Le Santo Daime (religion syncrétique brésilienne utilisant l’Ayahuasca au cours de pratiques d’invocations christiques) a séduit plusieurs peuples indigènes de l’Acre, Brésil : des Huni Kui ont intégré des églises daimistes, une pratique daimiste a intégré le festival de culture traditionnel yawanawa et une église produit son sacrement sur leurs terres. Ce dernier fait a récemment abouti à ce que les daimistes utilisent pour leur production les derniers pieds d’une espèce de liane servant à un type de préparation médicinale très spécial dans la tradition yawanawa. Ce cas de biopiraterie toléré par un administrateur indigène corrompu a attristé les chamanes les plus avancés qui voyaient en l’espèce médicinale en question une possibilité d’accès exceptionnel à une partie du patrimoine spirituel ancestral du peuple ; les chamanes ont de plus déclaré que les personnes qui utiliseraient la plante sans en respecter les pratiques accompagnant originellement son ingestion (diètes, chants) provoqueraient une déperdition de son pouvoir thérapeutique de manière inconditionnelle, c’est-à-dire même si les chamanes en retrouvaient l’accès à terme.
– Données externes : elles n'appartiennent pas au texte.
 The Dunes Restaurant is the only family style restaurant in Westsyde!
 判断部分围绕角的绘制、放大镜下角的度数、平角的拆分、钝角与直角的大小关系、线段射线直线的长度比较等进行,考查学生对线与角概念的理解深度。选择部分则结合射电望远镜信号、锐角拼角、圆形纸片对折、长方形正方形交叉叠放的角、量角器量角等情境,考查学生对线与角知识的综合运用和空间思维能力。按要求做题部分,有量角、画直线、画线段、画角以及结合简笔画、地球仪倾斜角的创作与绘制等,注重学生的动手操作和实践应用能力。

Le développement de ces tendances risquées pour la préservation des traditions indigènes a comme avantage de pointer le processus inéluctable de globalisation planétaire, lequel rend la notion de frontière tangible, posant ainsi la question de la place des médecines indigènes dans la légalisation internationale : s’il est si facile d’avoir accès aux plantes médicinales qui fondent la tradition identitaire de certains peuples qu’on ne peut renier, est-il sensé d’en interdire la consommation sur certains territoires dont les frontières sont si perméables ? Ne devons-nous pas, au contraire, chercher ensemble comment en sécuriser et accompagner l’accès, dans le respect des pratiques des peuples qui en sont les premiers gardiens ?
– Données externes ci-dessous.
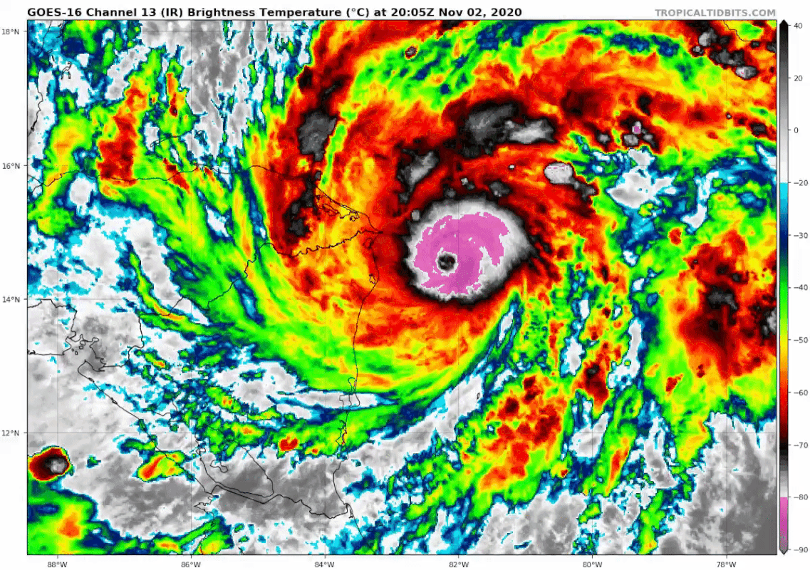 Cold dark gray ring. Warming eye. Absolute unit of a hurricane. How's that for in-depth Dvorak.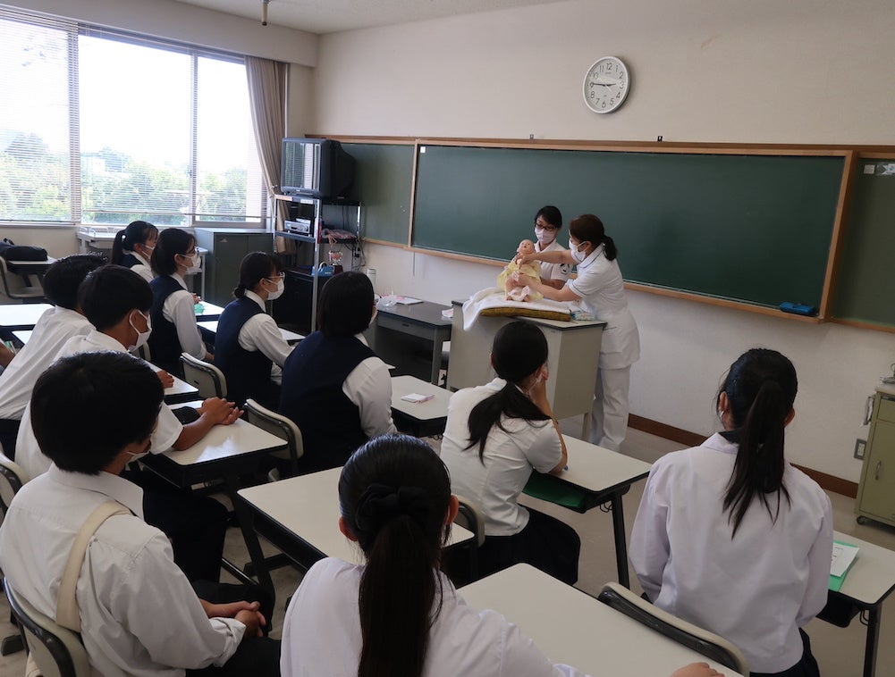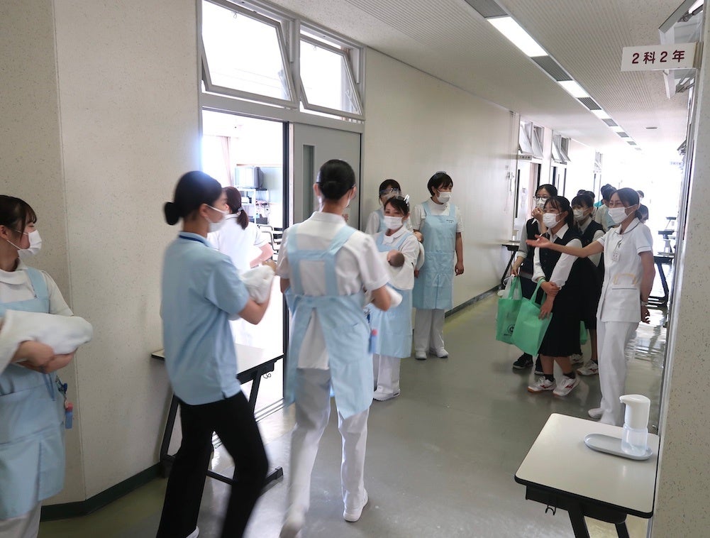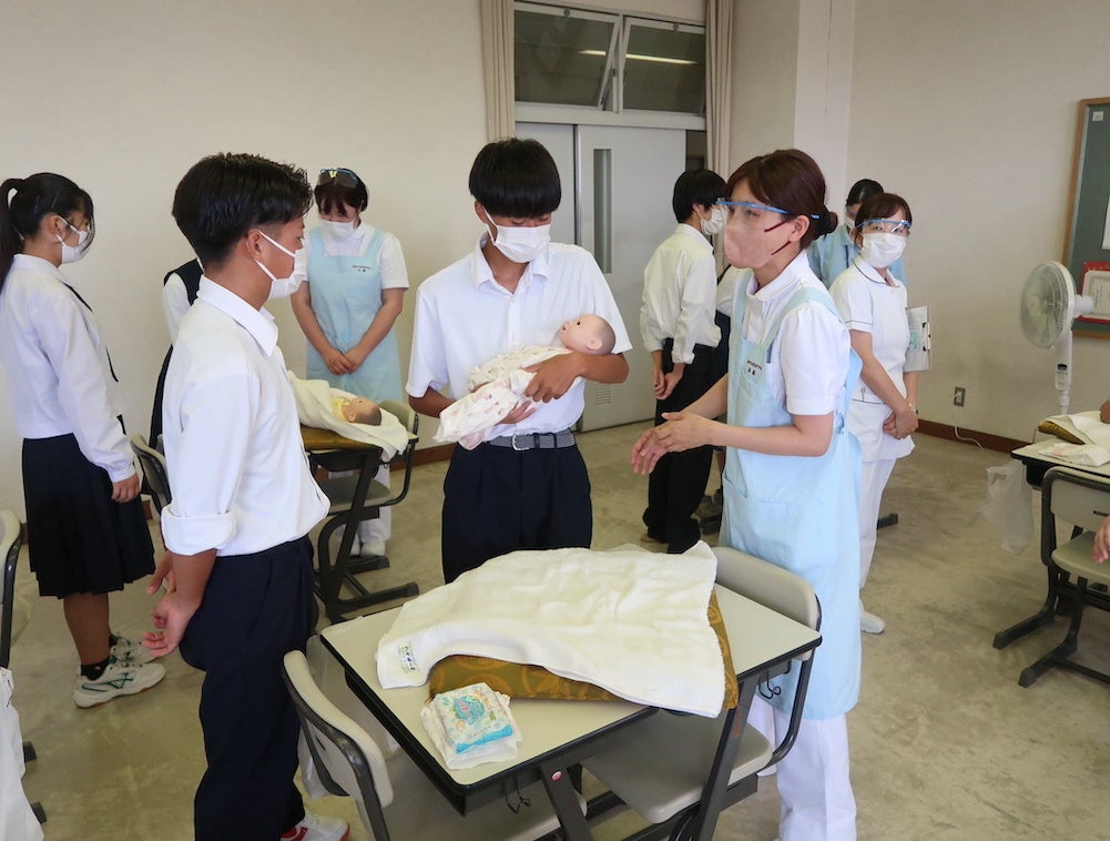 模擬授業「母性看護学」で赤ちゃんの抱き方やおむつ替えを学ぶ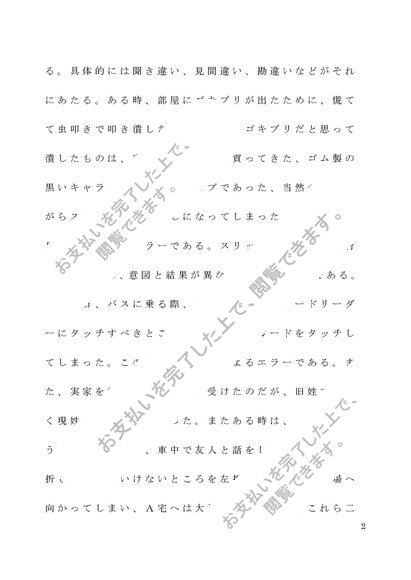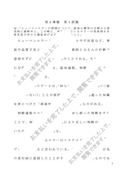 聖徳大学 認知心理学 課題2「ヒューマンエラーの原因について体系的に説明し、対象としているエラーの具体例を挙げ論述せよ」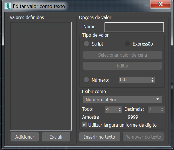- Na caixa de diálogo Editar valor como texto, clique em Adicionar.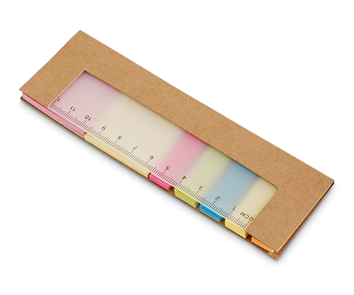 Bloco de notas adesivas com 7 conjuntos (25 folhas cada um dos conjuntos) e com régua de 12 cm (escala impressa).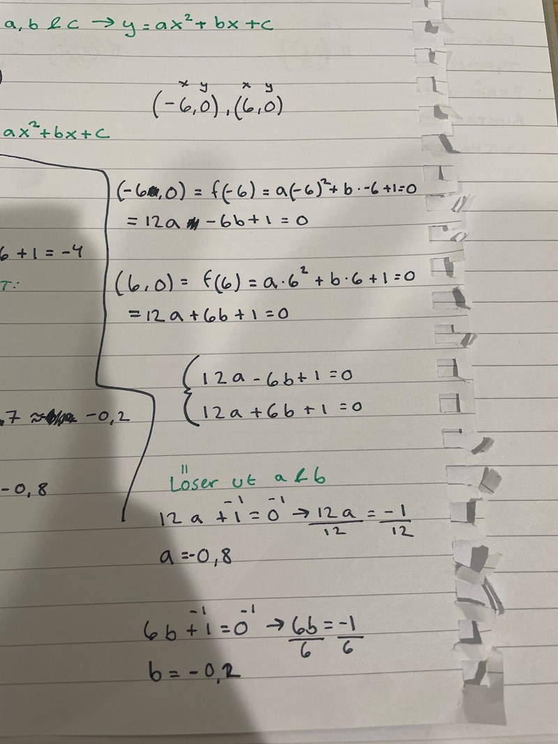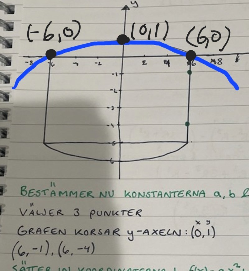 Om ja: Kontrollera nu att dessa värden verkligen stämmer, dvs att a = -1/36, b = 0 och c = 1 ger dig just de tre givna punkterna på parabeln, dvs att följande tre ekvationer då är uppfyllda:

Le triple défi de la préservation, du rayonnement et de l’interaction avec d’autres traditions des pratiques médicinales d’Amazonie n’a pas fini d’intéresser Yogash. Les limites au travail expérimental mené au travers des missions Miroir Amazone sont néanmoins nombreuses pour en imaginer la continuité :
1. Coût des missions élevées pour les participants
2. Menaces du secteur touristique accusant Yogash d’exercer la profession de voyagiste
3. Incompatibilité légale pour l’intégration d’expériences thérapeutiques avec des plantes d’Amazonie non reconnues en France
Pour continuer leur mission, Yogash et ses membres devront insister sur les points suivants :
> Chercher des organismes partenaires pour l’organisation des expéditions (par intérêt financier et légal)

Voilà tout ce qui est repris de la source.